◆ **Given material**
+ + + + + + +
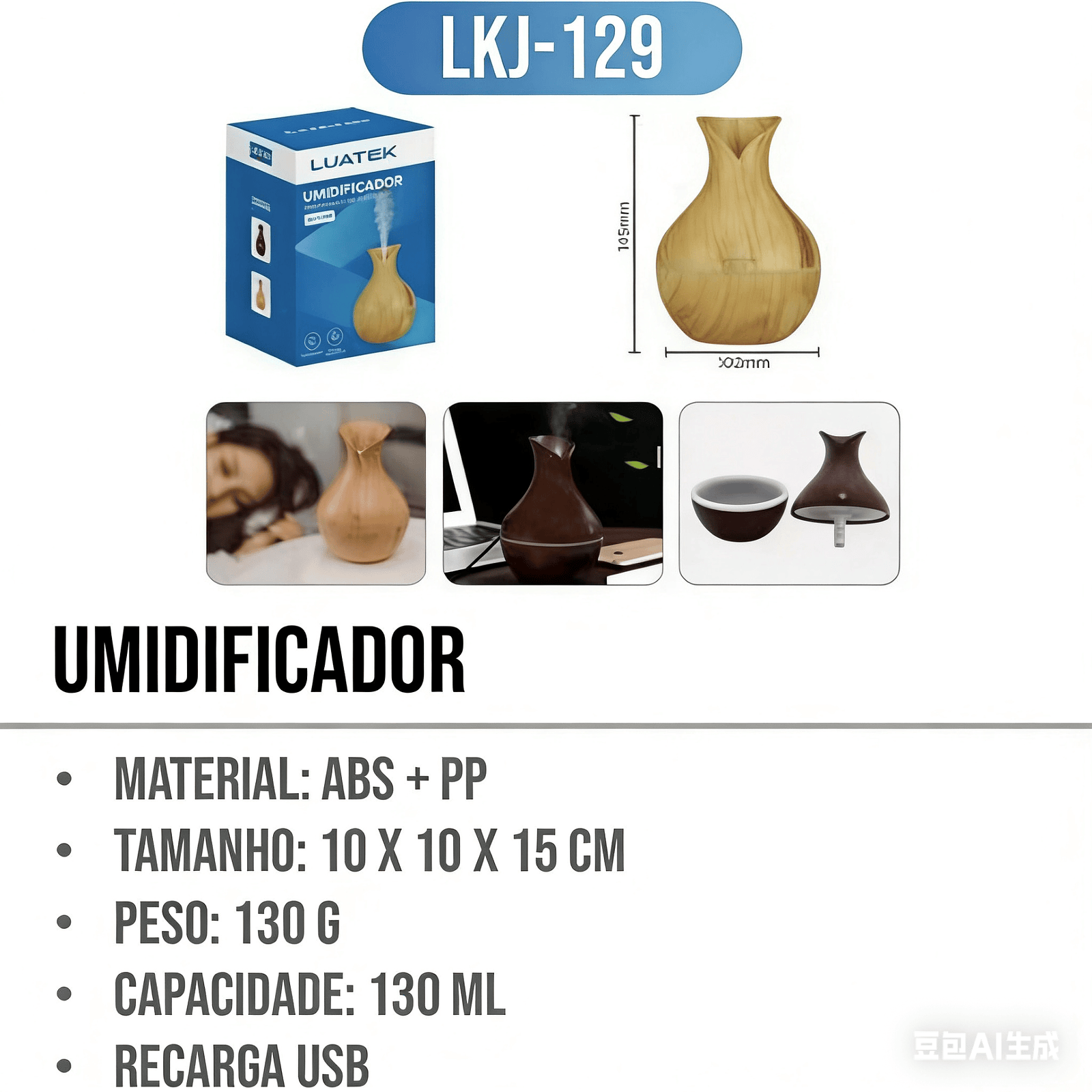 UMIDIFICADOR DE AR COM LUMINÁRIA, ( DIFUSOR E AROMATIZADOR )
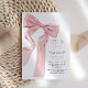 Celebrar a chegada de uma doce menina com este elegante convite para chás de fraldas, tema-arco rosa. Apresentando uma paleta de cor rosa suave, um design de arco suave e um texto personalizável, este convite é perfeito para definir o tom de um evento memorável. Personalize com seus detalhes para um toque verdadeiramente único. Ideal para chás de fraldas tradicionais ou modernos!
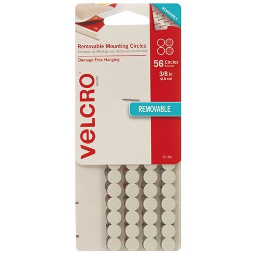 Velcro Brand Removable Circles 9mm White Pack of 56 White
+ + + + + + +
◆ **Required action**
Copy the listing exactly. Leave the pictures out.

◆ **Task response**
 UMIDIFICADOR DE AR COM LUMINÁRIA, ( DIFUSOR E AROMATIZADOR )
 Celebrar a chegada de uma doce menina com este elegante convite para chás de fraldas, tema-arco rosa. Apresentando uma paleta de cor rosa suave, um design de arco suave e um texto personalizável, este convite é perfeito para definir o tom de um evento memorável. Personalize com seus detalhes para um toque verdadeiramente único. Ideal para chás de fraldas tradicionais ou modernos!
 Velcro Brand Removable Circles 9mm White Pack of 56 White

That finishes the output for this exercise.